In the case of Dr.Umesh vs Central Council of Indian Medicine (W.A.No.148/2021), a division bench of Honourable Justice S. Sujatha and Justice Ravi V. Hosmani dismissed an intra-court appeal filed by a group of petitioners “Fixing the validity period is not the same as deleting the qualification, as the appellants claim, but rather a declaration that the Vaidyavidwan course will only be recognized as a recognized medical qualification for the time period specified. Under Section 14 of the IMCC Act, the Central Government has the authority to amend the Second Schedule by issuing a notification in the Official Gazette.”
The petitioners claimed to be Ayurvedic Medicinal Practitioners who were registered with the Karnataka Ayurvedic and Unani Practitioners Board (respondent No.2) and were practicing Ayurvedic medicine based on certificates issued by the Board’s Registrar. All of the petitioners have a Vaidyavidwan Certificate, which was issued by the Andhra Ayurvedic Parishad in Vijayawada (‘Parishad’ for short) between 1976 and 1979.
They had gone to court to challenge the Central Government’s notification dated 25.06.2010 issued under Section 14(2) of the Indian Medicine Central Council Act, 1970 [‘IMCC Act’ for short] as it relates to Entry-2, as well as the Board’s action in canceling the appellants’ registration certificates of practice via order dated 18.09.2013 regarding the course of Vaidyavidwan.
By order dated December 17, 2020, the petition was dismissed by a single judge bench. After that, they filed an appeal.
The amendment purportedly made in exercise of the powers under Section 14(2) of the IMCC Act, according to Advocate Balasubramanya B.N, is an administrative act, not a legislative act. As a result, the criteria for challenging a legislative amendment, such as legislative competence or the presumption of constitutionality, do not apply.
He also claimed that the executive has no authority to change the schedule because the legislature did not intend to include a “validity period” for the recognition of the medical qualification. The executive who made the change to the column’s heading by substituting the words “validity period” for the words “remarks” did so without legal authority.”
It was also argued that Section 14(2) of the IMCC Act gives the Central Government the power to amend only the II Schedule’s list of recognized medical qualifications and to specify any particular validity period when granted after a specified date. The provision of Section 21(4) of the IMCC Act should have been invoked for withdrawal of recognition, according to the argument. The respondents’ decision to limit the validity period of the Vaidyavidwan qualification between 1923 and 1975 is without legal authority and suffers from a lack of application of mind because there is no factual basis for it.

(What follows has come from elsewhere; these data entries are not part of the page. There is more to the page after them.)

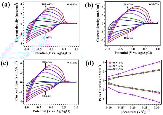 Cyclic voltammetry of (a) WNi-1%, (b) WNi-3% (c) WNi-5% thin films at different scan rates (10–100 mV/s), and (d) Plot of peak current vs. (scan rate)1/2 of all samples for the diffusion coefficient.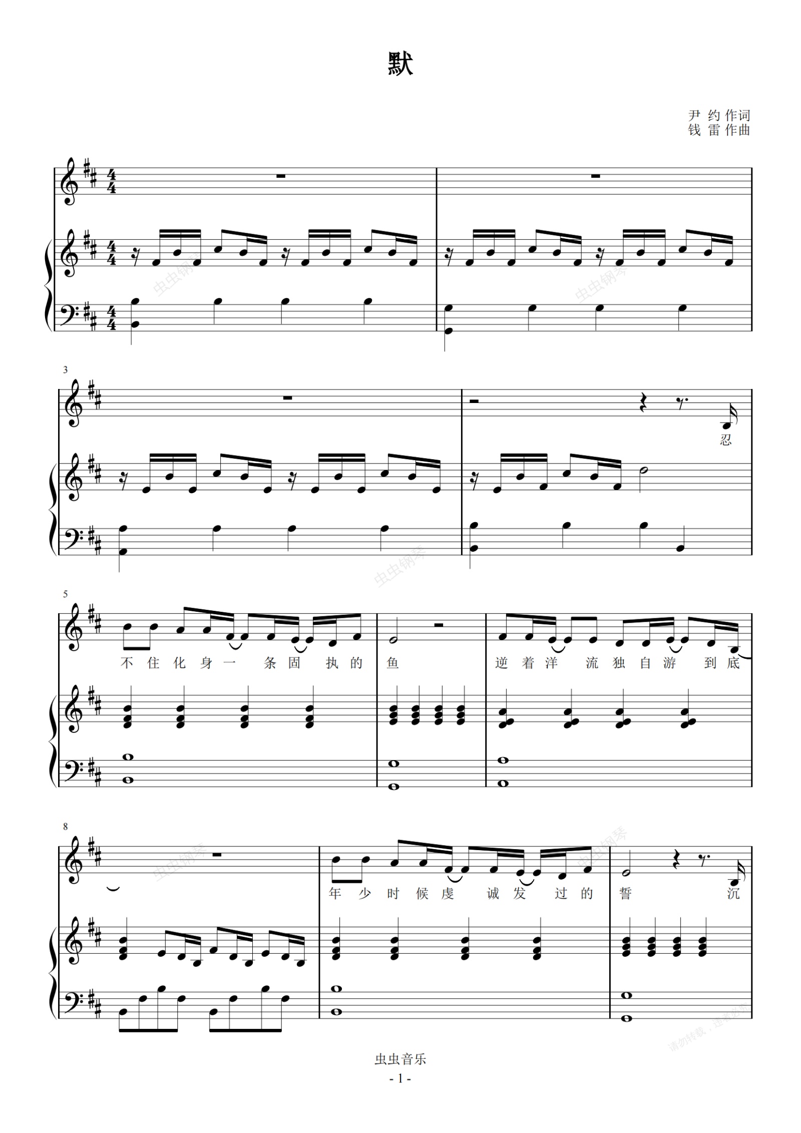 钢琴谱:周杰伦原版现场《默》钢琴弹唱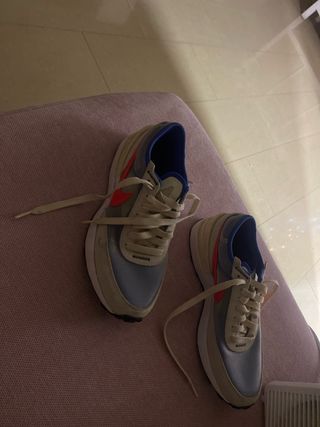 Bambas bajas. Con doble suela. Suela alta. Estampado rayado. Lineas. Color: blanco y azul con detalles marrones. Marca: Stradivarius. Estado: buen estado. Numero: 37 Mujer. Precio negociable. Hago envio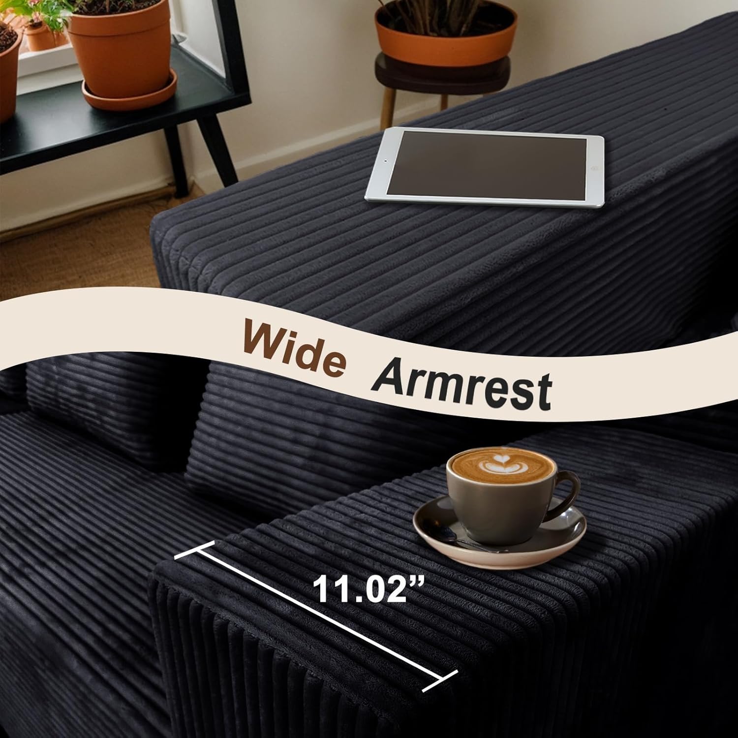 Premium Corduroy Fabric: Revel in the sweet softness of our upgraded corduroy fabric, offering silky touch and coziness. The superior durability and subtly sheen of this breathable material make our couch with chaise stay looking fresh and charming for years of use, elevating the aesthetics of your space

The counsel added that when a degree is legally conferred on the appellants/practitioners, it will be treated as a recognized degree.
Respondents opposed the plea:
Advocate Manasi Kumar, appearing for the Central Council Of Indian Medicine (CCIM), argued that the Central Government had the authority to invoke Section 14(2) of the Act of 1970 to specify the validity period in the impugned notification dated 25.6.2010 and the impugned orders.
It was also stated that Schedule II of the IMCC Act recognized some of the old medical qualifications awarded in various Indian states under various enactments in order to protect practitioners who obtained the degree/certificate prior to the IMCC Act’s implementation. It was deemed necessary to give a validity period in order to ensure that old courses are not continued by institutions, which would defeat the object and purpose of the IMCC Act, 1970.
It was also stated that the IMCC Act of 1970, as a special enactment passed by Parliament, takes precedence over the State enactment.
Finally, it was argued that the challenge ground is ambiguous. The mere hardship or inconvenience suffered by the appellants would not be sufficient to invalidate the notification issued by the competent authority exercising the statutory power conferred by the Act. The appellants are barred from practicing because the certificates allegedly issued by the Parishad in 1976 appear to be fake, as determined by the Board.
The Karnataka Ayurveda & Unani Practitioners Board’s lawyer, Sumana Baliga, argued that no writ petition could be filed because the appellants had not used the statutory remedy of appeal under Section 17(4) of the Act of 1961.
The court noted that registering practitioners on the Central Register of Indian Medicine and Homeopathy ensures that medicine is not practiced by those who are not qualified in these systems and that those who do follow a code of ethics.
The court then said, referring to sections of the Act, “The contested notification does not address the withdrawal of recognition; however, it does include a validity period for the recognition of the Vaidyavidwan degree, which is relevant in this case. As a result, exercising power under Section 14(2) of the Act cannot be considered illegal.”
Further It was said that “There has been no evidence of a violation of fundamental rights. Article 19 of the Constitution is not violated because the right to practice any profession, trade, or occupation under Article 19(1)(j) is subject to the requirement of having a recognized qualification under Article 19(6)(i). Furthermore, the right to health of the general public is important.”